* Instructions for the task: What follows is a listing; repeat exactly, and only, its lines from the one holding "一种是抢注和某些品牌食品类似" through the last, leaving any pictures out.

• • • • •

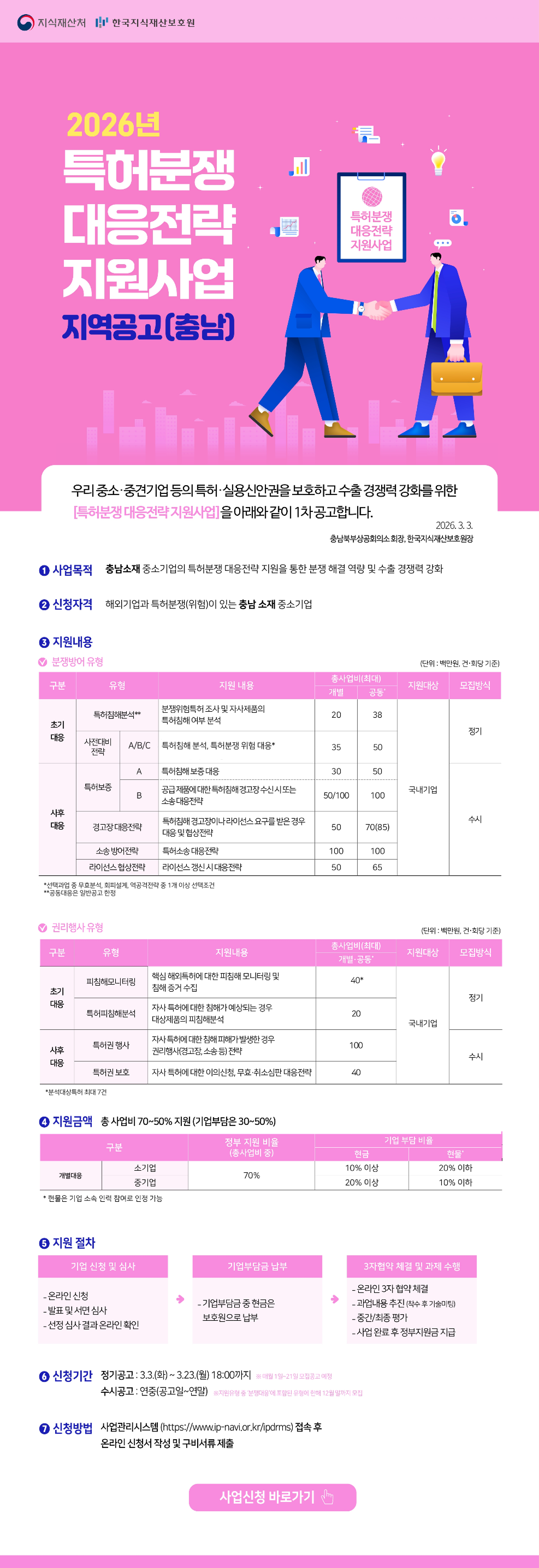 [충남연계_정기 1차] 2026년 특허분쟁 대응전략 지원사업 작성자관리자 작성일2026-03-05 조회수 20 첨부파일 [ 2 ] [공고문] 2026년 특허분쟁 대응전략 지원사업 1차공고_충남.pdf (517KB) ★2026년 특허분쟁 대응전략 지원사업 공고문 붙임.zip (3,569KB)
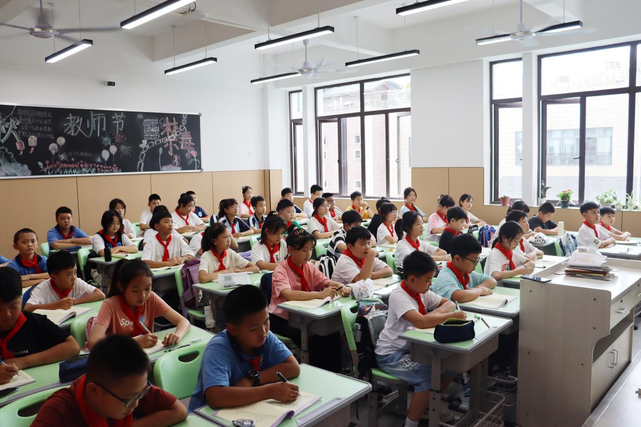 开学当天,新建成的教学楼、全新的多功效教室、崭新的桌椅让孩子和家长们眼前一亮。教学楼分为地下3层,地上4层,总建筑高度20.2米,总建筑面积17361平方米。其中,地上建筑面积6699平方米,地下室建筑面积10662平方米,共设18个班,新增1080个学位。除配备普通教室外,还设置了科学、美术、音乐、舞蹈、盘算机、书法、语言、劳动等多功效教室,为师生提供宽敞明亮的学习区域和便当的交流空间。
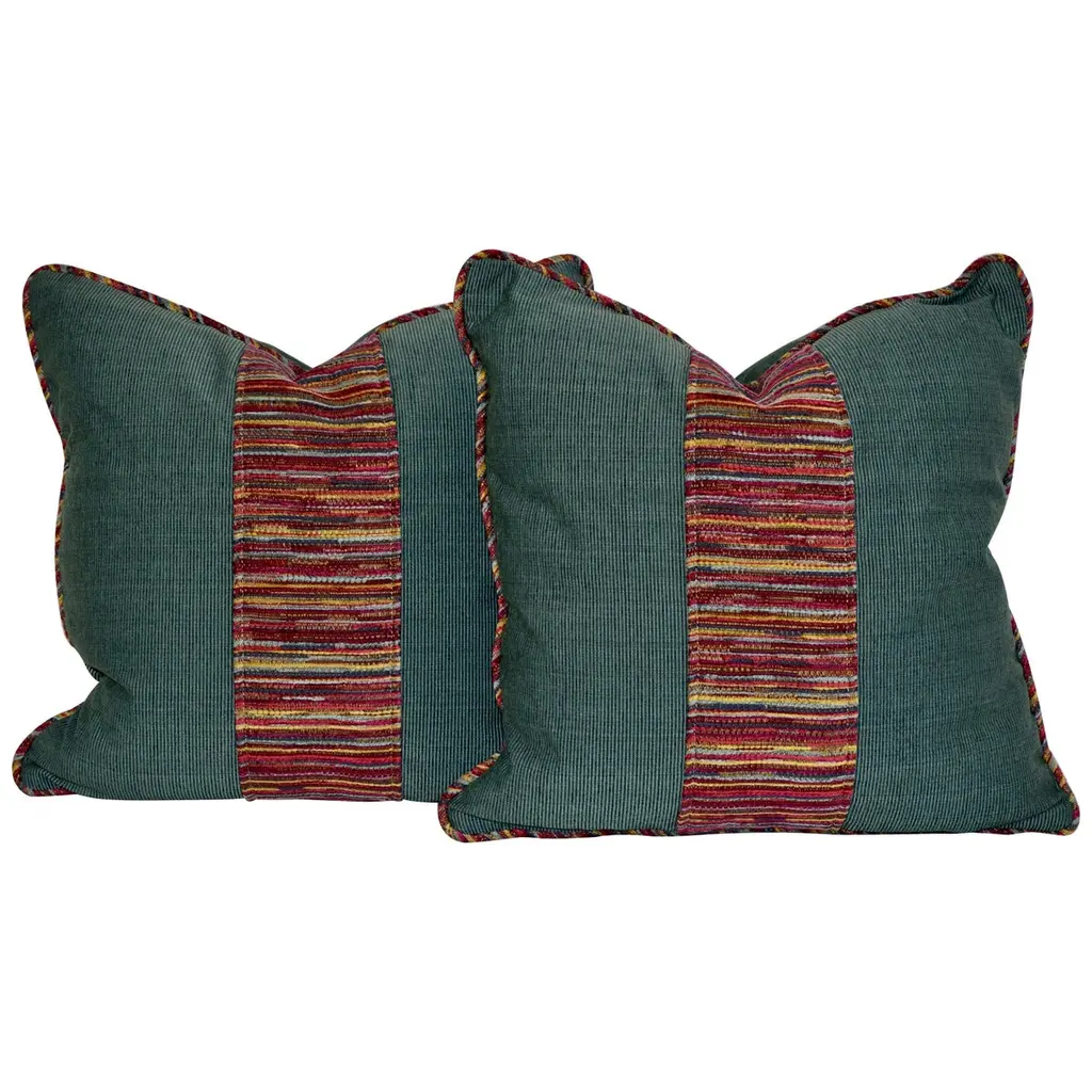 Handmade pillows with a teal faille border surrounding a central square of multicolored woven fabric. The back panels are made from the woven fabric, as well as the welt around the pillows. The pillow covers have hidden zippers and the feather inserts are removable. Dry clean only.
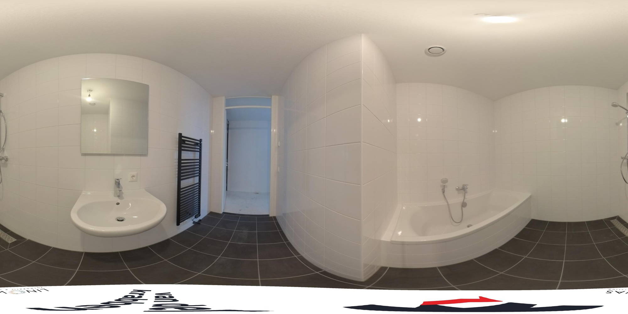 + Badkamer: Volledig betegeld en voorzien van een ligbad, wastafel en designradiator.
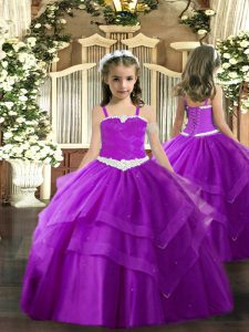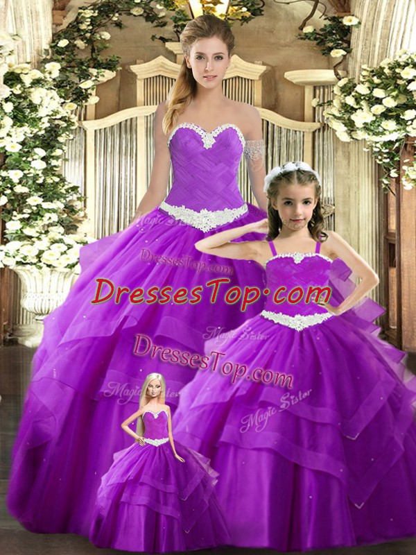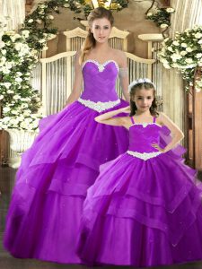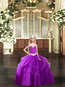 Sleeveless Floor Length Ruching Lace Up Quince Ball Gowns with Purple
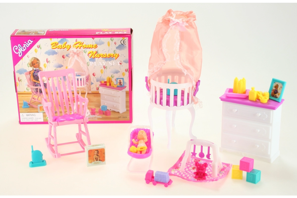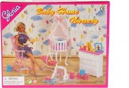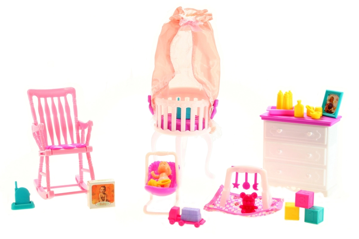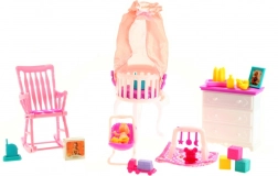 Deze rijk uitgeruste set maakt elk spel tot een realistische ervaring. Kinderen kunnen hun eigen babyhoekje inrichten, spulletjes opbergen in de commode, de baby in het ledikantje met hemel leggen en in de stijlvolle stoel schommelen. De set stimuleert creatief spel, fijne motoriek en rollenspel.
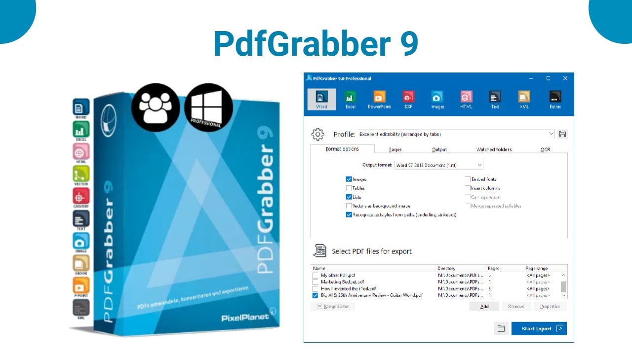 PdfGrabber Professional converts PDF documents to Microsoft Word and text, offers conversion options to images, HTML tables, and Microsoft Excel, and additionally includes export profiles to Microsoft PowerPoint, AutoCAD, and XML, as well as all automation options.
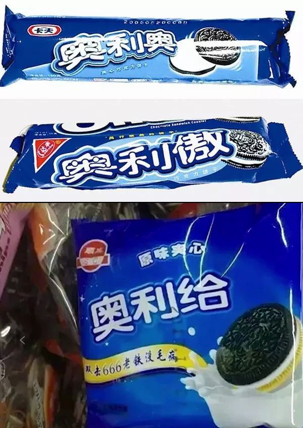 一种是抢注和某些品牌食品类似的商标,通常是以高度相似的包装,迷惑性较强的名称、广告词等吸引消费者,在食品名上使用文字游戏或模仿品牌食品,但其质量和风味与“正品”相差甚远。如将“大白兔”变成“小白兔”,“康师傅”换成“康帅博”冒充升级版等。
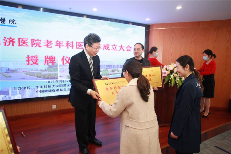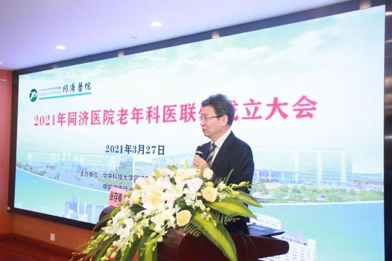 2021年3月27号,由华中科技大学同济医学院附属同济医院牵头、联合省内多家知名医疗单位举办的“2021年同济医院老年科医联体成立大会”在美丽的江城武汉胜利召开。湖北省卫健委江中三副厅长、同济医院刘争副院长、中华医学会老年医学分会前任主任委员于普林教授以及来自省内外各地的老年医学专家齐聚一堂,对同济医院成立老年科医联体表示祝贺。
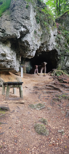 Source avec petite cascade. Et une surprise en arrivant sur le site... Attention à vous, des ours 🐻 vous accueilleront ! Mais rassurez-vous ils ne font pas de mal. Je me suis garée sur le parking à côté du cimetière. J'ai parcouru 800 m quasiment à plat. Endroit reposant, le calme est présent vous serez accompagné tout le long par le bruit du ruisseau qui coule et vous bercera ainsi que par une merveilleuse odeur d'arbres fraîchement coupés ! Une pancarte affiche l'existence d'une grotte à explorer mais je ne m'y suis pas aventuré...il y avait des ours...

• • • • •

* Reply to the exercise:
 一种是抢注和某些品牌食品类似的商标,通常是以高度相似的包装,迷惑性较强的名称、广告词等吸引消费者,在食品名上使用文字游戏或模仿品牌食品,但其质量和风味与“正品”相差甚远。如将“大白兔”变成“小白兔”,“康师傅”换成“康帅博”冒充升级版等。
 2021年3月27号,由华中科技大学同济医学院附属同济医院牵头、联合省内多家知名医疗单位举办的“2021年同济医院老年科医联体成立大会”在美丽的江城武汉胜利召开。湖北省卫健委江中三副厅长、同济医院刘争副院长、中华医学会老年医学分会前任主任委员于普林教授以及来自省内外各地的老年医学专家齐聚一堂,对同济医院成立老年科医联体表示祝贺。
 Source avec petite cascade. Et une surprise en arrivant sur le site... Attention à vous, des ours 🐻 vous accueilleront ! Mais rassurez-vous ils ne font pas de mal. Je me suis garée sur le parking à côté du cimetière. J'ai parcouru 800 m quasiment à plat. Endroit reposant, le calme est présent vous serez accompagné tout le long par le bruit du ruisseau qui coule et vous bercera ainsi que par une merveilleuse odeur d'arbres fraîchement coupés ! Une pancarte affiche l'existence d'une grotte à explorer mais je ne m'y suis pas aventuré...il y avait des ours...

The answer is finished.